Since I wrote my last post five days ago, I have enveloped myself in both the remaining three episodes of Chernobyl, as well as reading a number of articles about the show, listening to all five episodes of the podcast writer/producer Craig Mazin put together to accompany it, reading the fascinating Twitter stream by Slava Malamud, a Russian-born writer who normally writes about hockey but who has been focusing on the scarily-accurate details of everyday life in the series, and reading Adam Higginbotham’s Midnight in Chernobyl, from which I quoted in the previous post. Incidentally, Higginbotham’s book is quite recent (published earlier this year) and so was not used as a source for the series–but reading it makes it very clear that the show’s research is impeccable. I’ll return to the book after I look at the second three episodes of the series.

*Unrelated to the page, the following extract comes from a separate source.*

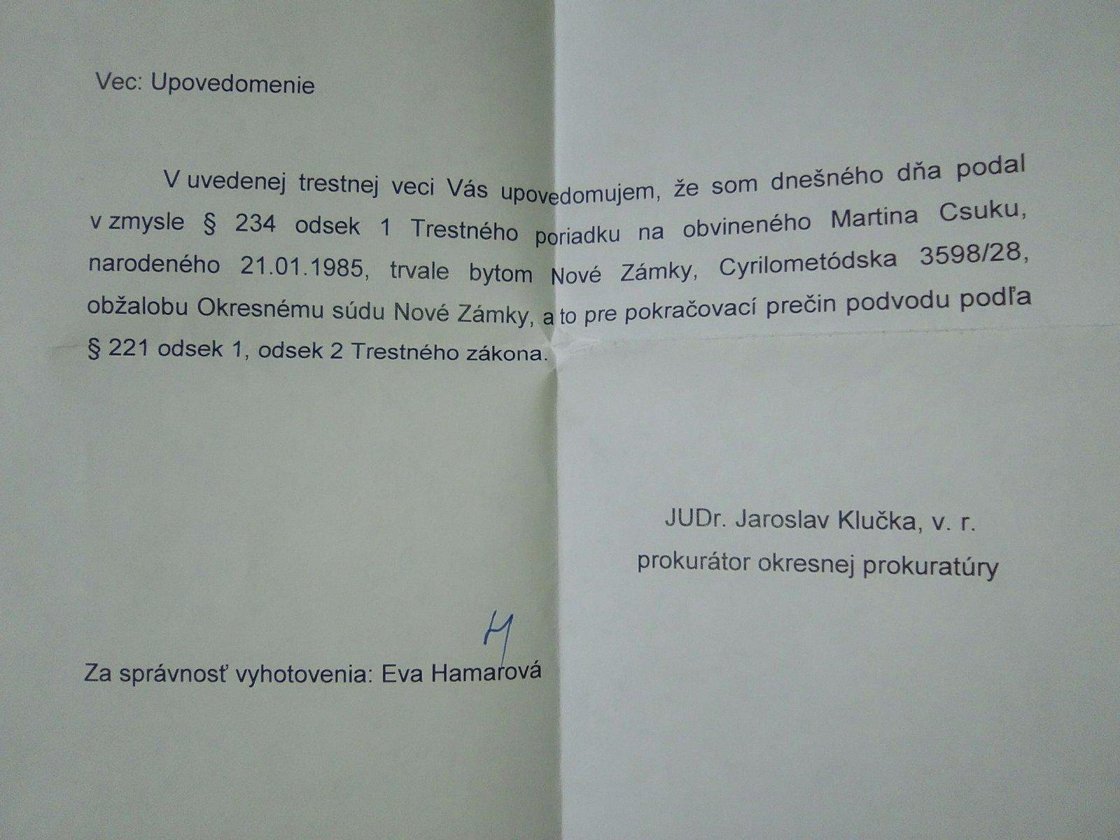 Tunajšie Obvodné oddelenie PZ Prievidza pod sp. zn. ČVS:ORP-1253/PD-PD-2014 vykonáva policajné preverovanie z podozrenia z pokračovacieho prečinu podvod podľa §221 ods. 1 Trestného zákona, ktorého sa mala v priebehu roku 2014 na internetovej stránke www.modrykonik.sk dopustiť osoba/osoby pod menom Martin Csuka resp. Melánia Čuková, ktoré používali tel.č.: 0902 774 386, 0940 554 451 a komunikovali s poškodenými cez emailové adresu: larala@centrum.sk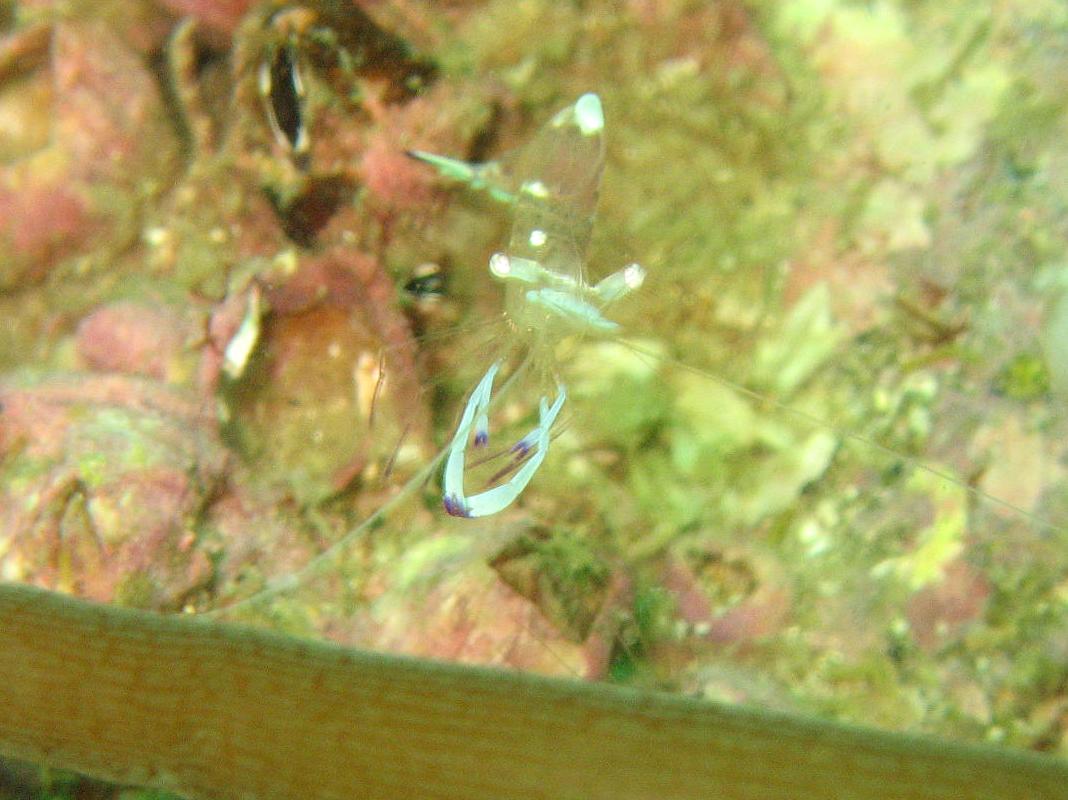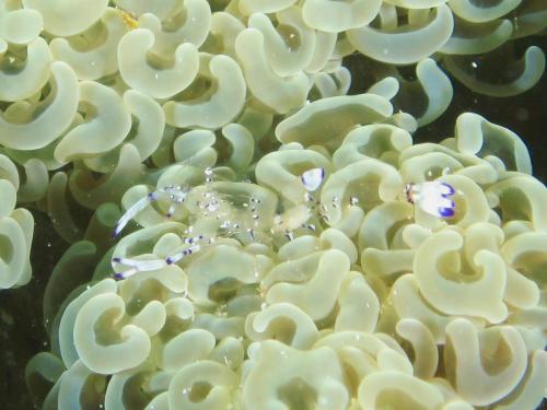 透明度良いおかげでセトヤドリエビ、アマミコシオリエビ、ビシャモンエビ、

We left the second episode on a cliffhanger: Three men had just entered the crippled plant to drain the water tanks from underneath the reactor, and we finished the episode in darkness. Since it was widely believed that these three men did not survive this suicide mission, one could have been forgiven for assuming the show would take this tack as well. It didn’t. In the opening scene, the men are able to restore their lights and manage to emerge victorious. This marks a transition of sort in the series away from immediate reaction to the emergency to beginning the long process of stabilization and cleanup. This is also where the viewer begins to understand the human toll. I’ll return to that in a moment. I’m also going to get away from a strictly chronological narrative of these last episodes in favour of the general impressions they provide.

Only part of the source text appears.